━━ Data for review

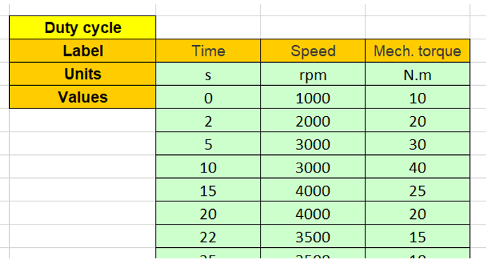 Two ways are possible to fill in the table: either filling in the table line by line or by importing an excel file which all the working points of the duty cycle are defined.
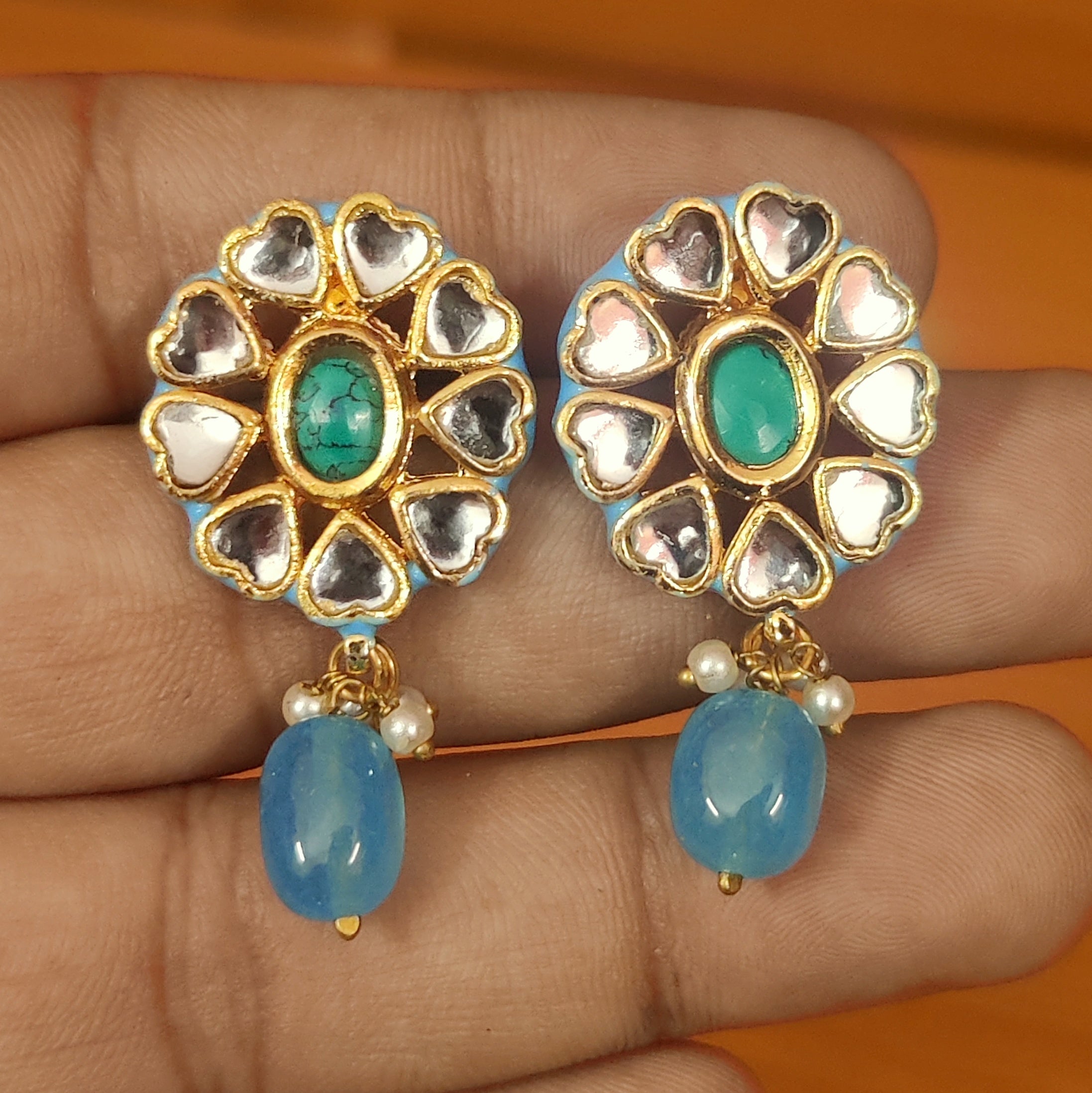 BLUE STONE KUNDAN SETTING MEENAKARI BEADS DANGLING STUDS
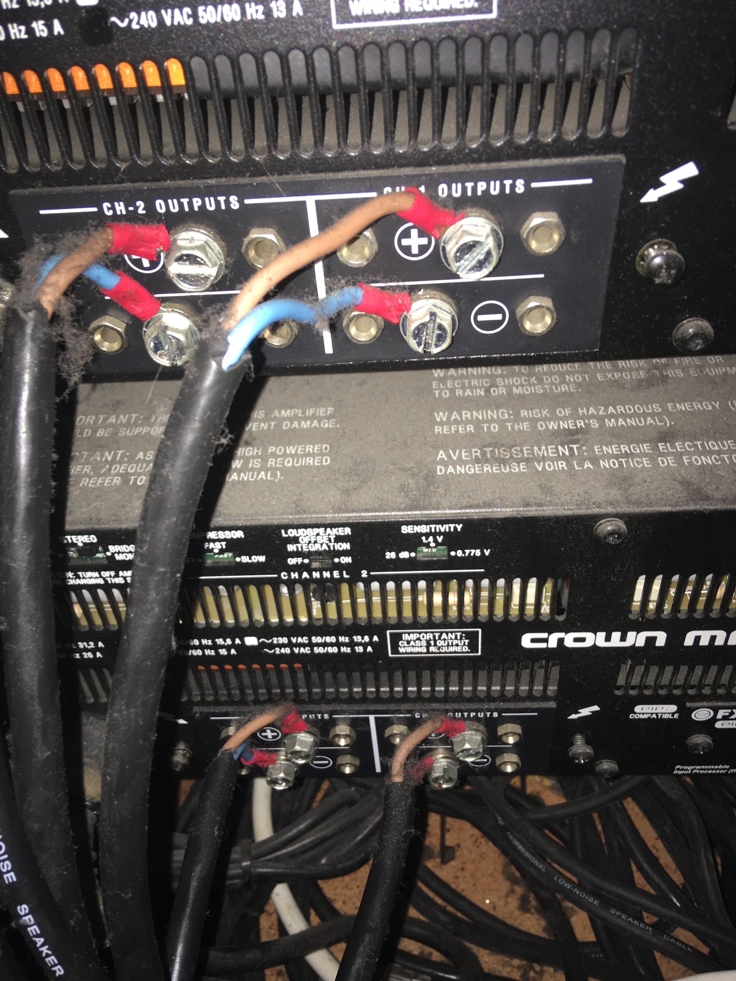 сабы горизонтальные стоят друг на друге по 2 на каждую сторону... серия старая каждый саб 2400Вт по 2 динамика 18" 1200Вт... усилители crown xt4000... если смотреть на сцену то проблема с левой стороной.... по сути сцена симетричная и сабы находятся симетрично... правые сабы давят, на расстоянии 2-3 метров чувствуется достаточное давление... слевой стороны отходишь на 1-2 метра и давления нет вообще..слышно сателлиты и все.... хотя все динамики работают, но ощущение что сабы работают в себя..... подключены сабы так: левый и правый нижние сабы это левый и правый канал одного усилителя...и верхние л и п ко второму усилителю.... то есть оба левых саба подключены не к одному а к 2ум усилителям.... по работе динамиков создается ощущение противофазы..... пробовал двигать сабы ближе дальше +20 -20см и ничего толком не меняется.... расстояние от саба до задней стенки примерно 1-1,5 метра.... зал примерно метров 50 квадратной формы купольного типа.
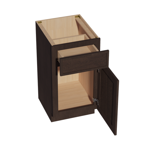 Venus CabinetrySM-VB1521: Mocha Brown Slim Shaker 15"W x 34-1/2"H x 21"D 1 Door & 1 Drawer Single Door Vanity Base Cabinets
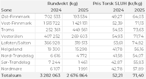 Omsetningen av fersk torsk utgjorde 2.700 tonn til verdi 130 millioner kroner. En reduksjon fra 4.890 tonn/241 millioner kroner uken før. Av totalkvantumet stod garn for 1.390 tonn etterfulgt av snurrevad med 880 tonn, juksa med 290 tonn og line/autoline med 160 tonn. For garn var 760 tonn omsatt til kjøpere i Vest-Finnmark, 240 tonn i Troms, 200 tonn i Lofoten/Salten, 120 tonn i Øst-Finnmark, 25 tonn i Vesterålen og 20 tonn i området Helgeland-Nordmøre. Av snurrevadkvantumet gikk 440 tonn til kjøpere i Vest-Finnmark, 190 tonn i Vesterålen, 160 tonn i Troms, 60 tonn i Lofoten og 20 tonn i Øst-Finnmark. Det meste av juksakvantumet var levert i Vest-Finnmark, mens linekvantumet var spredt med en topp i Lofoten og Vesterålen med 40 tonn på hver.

━━━━

◆ Brief ◆
Restate the lines of the records exactly, starting at the first and stopping after the line with "BLUE STONE KUNDAN". Leave out any picture.

◆ Your response ◆
 Two ways are possible to fill in the table: either filling in the table line by line or by importing an excel file which all the working points of the duty cycle are defined.
 BLUE STONE KUNDAN SETTING MEENAKARI BEADS DANGLING STUDS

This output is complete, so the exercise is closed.